E a responsabilidade dos militares reacionários sobre a crise Yanomami não reside somente no seu vínculo estreito com os garimpeiros, mas também na inoperância completa em entregar as cestas básicas aos povos indígenas. Em fevereiro, mês seguinte ao decreto do Estado de Emergência, 85% delas não estavam entregues, e em junho, 50% das cestas ainda não haviam sido enviadas e os militares reacionários declararam “falta de dinheiro para o transporte das cestas básicas”, deixando os alimentos estocados na sede da Fundação Nacional dos Povos Indígenas (Funai), o que mostra com clareza que é falsa a solução dada por Luiz Inácio em decretar a presença permanente destes na TI.
A quem interessa militarizar a região?
Se os militares em um ano não foram capazes de alterar em absolutamente nada a grave situação que acomete o povo Yanomami, fica claro que não interessa aos povos indígenas a sua permanência na região. No entanto, ao velho Estado, a crescente presença militar no território amazônico parece interessar, e o histórico de militarização na região pode explicar o porquê.
Em 2019, após o fatídico episódio do “Dia do Fogo”, onda de queimadas provocadas por latifundiários sobretudo na Amazônia, o então vice-presidente Hamilton Mourão decretou a Garantia da Lei e da Ordem (GLO) na Amazônia, levando à região militares do Exército reacionário. Na ocasião, organizações camponesas, como a Liga dos Camponeses Pobres (LCP), denunciaram que os militares em GLO aumentaram ostensivamente sua presença em locais onde sequer haviam incêndios, mas sim em Áreas Revolucionárias, revistando casas e interrogando camponeses acerca das “lideranças do movimento”.
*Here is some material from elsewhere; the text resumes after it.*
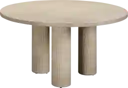 Introducing the outdoor Lawonna natural dining table, a stylish nod to Memphis design with its retro-cool vibes. The table features trendy ribbed pedestal legs and a travertine finish atop a durable concrete base, seamlessly blending vintage aesthetics with modern durability. Perfect for indoor or outdoor gatherings, this table combines sophisticated design with practical functionality for a chic and inviting dining experience. Customer assembly is required.
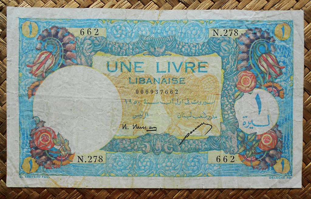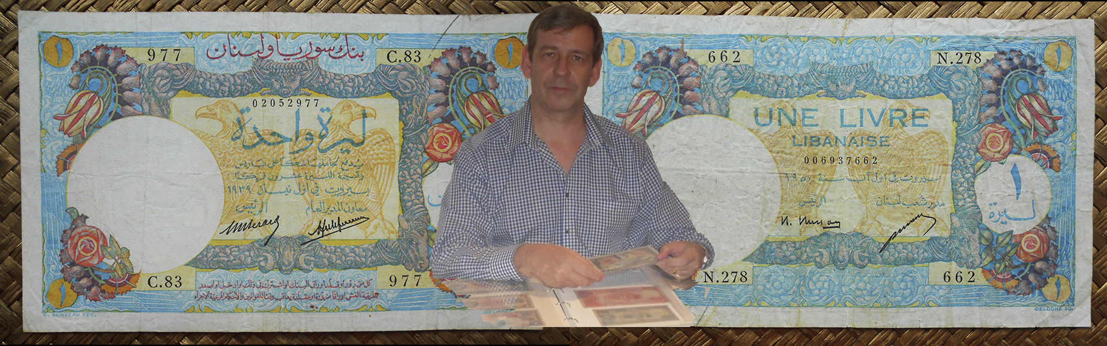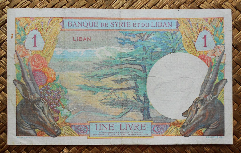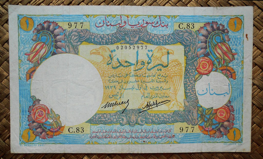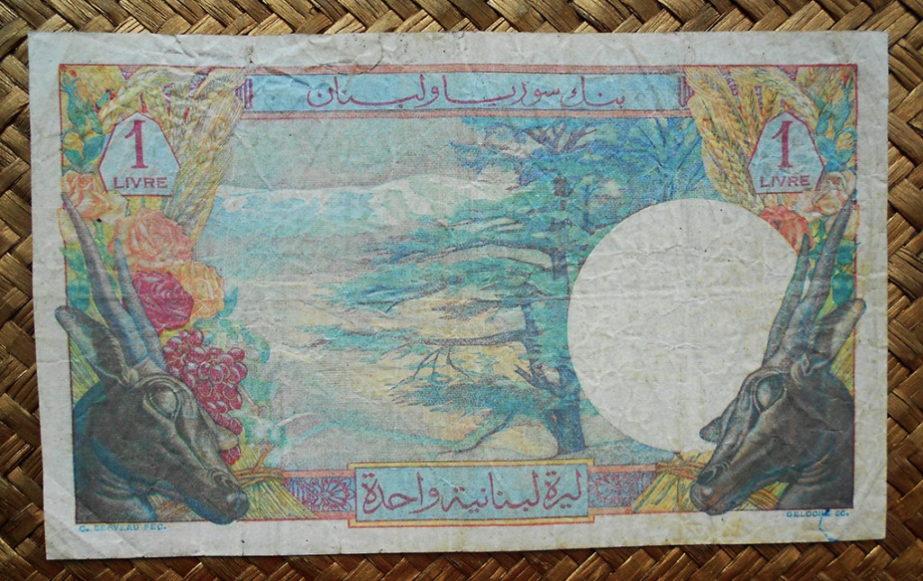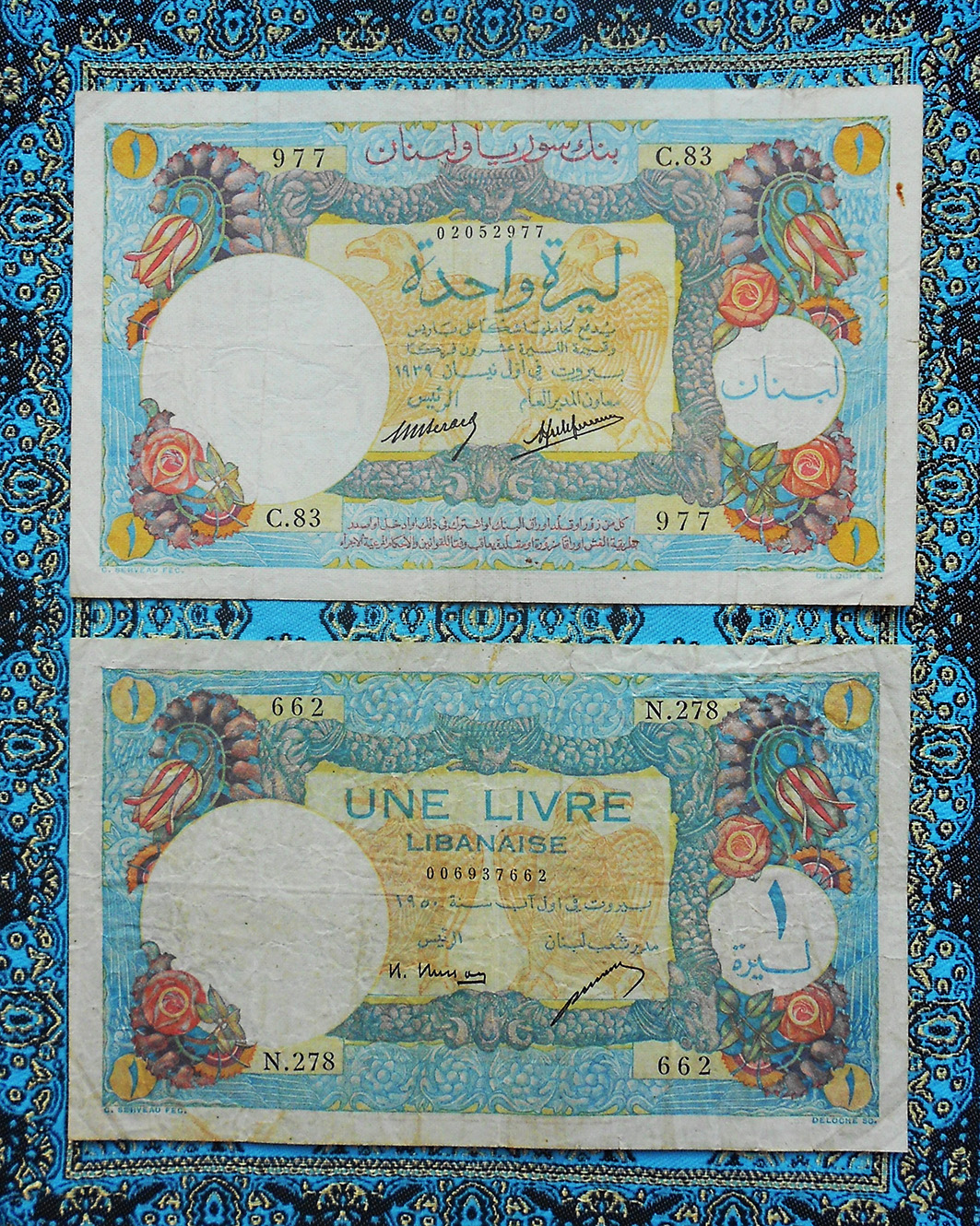 Vamos a contemplar dos billetes de 1 libra del Líbano de mediados del s.XX. La comparativa notafílica nos lleva hasta dos joyas del billetario libanés colonial y del billetario libanés independiente.

Os anos de 2020, 2021 e 2022 foram marcados pela agudização da luta pela terra na Região Amazônica, com destaque às lutas do Acampamento Manoel Ribeiro e Acampamento Tiago Campin dos Santos, em Rondônia, organizados pela LCP. Na ocasião, uma megaoperação coordenada pelo Exército reacionário que mobilizou a Força Nacional e a Polícia Militar (PM) realizou um cerco que levou ao assassinato dois camponeses.
Ao decretar a presença permanente das Forças Armadas reacionárias na TI Yanomami, Luiz Inácio não soluciona o problema. Afinal, soluções de fato para o garimpo, como a entrega de terras para os camponeses aliciados e levados aos campos de mineração pelos grandes empresários e latifundiários coordenadores da operação, não são encaminhadas pelo governo. Resta, assim, maquiar a situação, e usar como pretexto para seguir com os planos de militarização da Amazônia para repressão dos que lutam pela terra na região.